=== Exercise input ===
[Start of section]

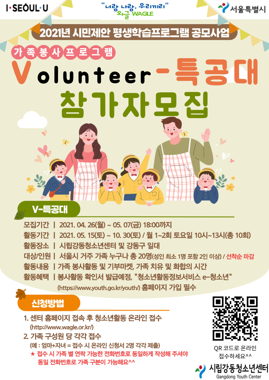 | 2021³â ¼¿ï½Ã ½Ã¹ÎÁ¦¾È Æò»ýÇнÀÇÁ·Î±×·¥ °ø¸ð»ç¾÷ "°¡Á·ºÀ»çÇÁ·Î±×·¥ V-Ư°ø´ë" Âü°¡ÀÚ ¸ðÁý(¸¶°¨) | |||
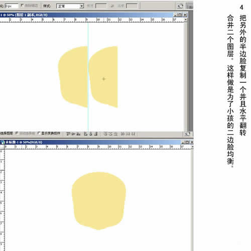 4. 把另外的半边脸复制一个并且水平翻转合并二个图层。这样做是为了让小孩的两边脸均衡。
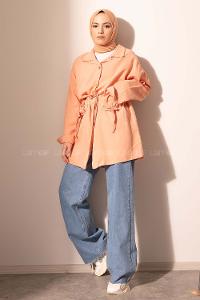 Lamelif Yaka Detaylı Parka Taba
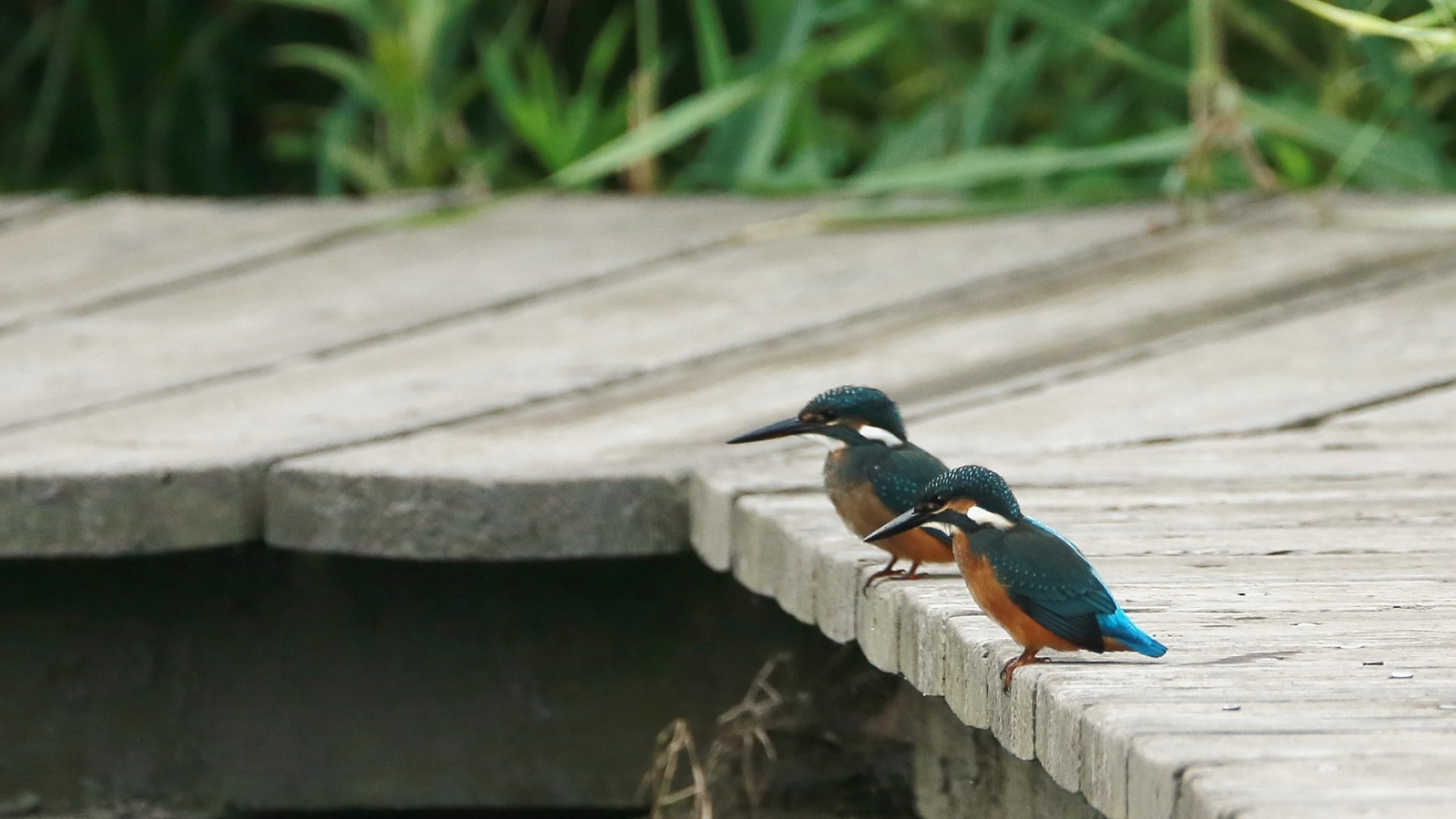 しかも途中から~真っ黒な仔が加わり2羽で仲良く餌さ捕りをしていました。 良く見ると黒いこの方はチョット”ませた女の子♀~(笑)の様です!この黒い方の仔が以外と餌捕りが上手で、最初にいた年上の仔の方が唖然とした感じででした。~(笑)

[End of section]
[Start of section]

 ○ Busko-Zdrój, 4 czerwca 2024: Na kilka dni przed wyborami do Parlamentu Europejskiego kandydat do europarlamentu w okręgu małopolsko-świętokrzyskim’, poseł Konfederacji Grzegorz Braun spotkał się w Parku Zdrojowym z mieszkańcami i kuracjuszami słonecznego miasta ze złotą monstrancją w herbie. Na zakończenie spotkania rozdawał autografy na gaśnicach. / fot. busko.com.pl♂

[End of section]

=== Your task ===
Keep to the stretch from the line containing "Âü°¡ÀÚ ¸ðÁý(¸¶°¨) | |||" through the line containing "しかも途中から~真っ黒な仔が", both ends included, and copy it exactly from the listing above, minus the pictures.

=== Exercise output ===
 | 2021³â ¼¿ï½Ã ½Ã¹ÎÁ¦¾È Æò»ýÇнÀÇÁ·Î±×·¥ °ø¸ð»ç¾÷ "°¡Á·ºÀ»çÇÁ·Î±×·¥ V-Ư°ø´ë" Âü°¡ÀÚ ¸ðÁý(¸¶°¨) | |||
 4. 把另外的半边脸复制一个并且水平翻转合并二个图层。这样做是为了让小孩的两边脸均衡。
 Lamelif Yaka Detaylı Parka Taba
 しかも途中から~真っ黒な仔が加わり2羽で仲良く餌さ捕りをしていました。 良く見ると黒いこの方はチョット”ませた女の子♀~(笑)の様です!この黒い方の仔が以外と餌捕りが上手で、最初にいた年上の仔の方が唖然とした感じででした。~(笑)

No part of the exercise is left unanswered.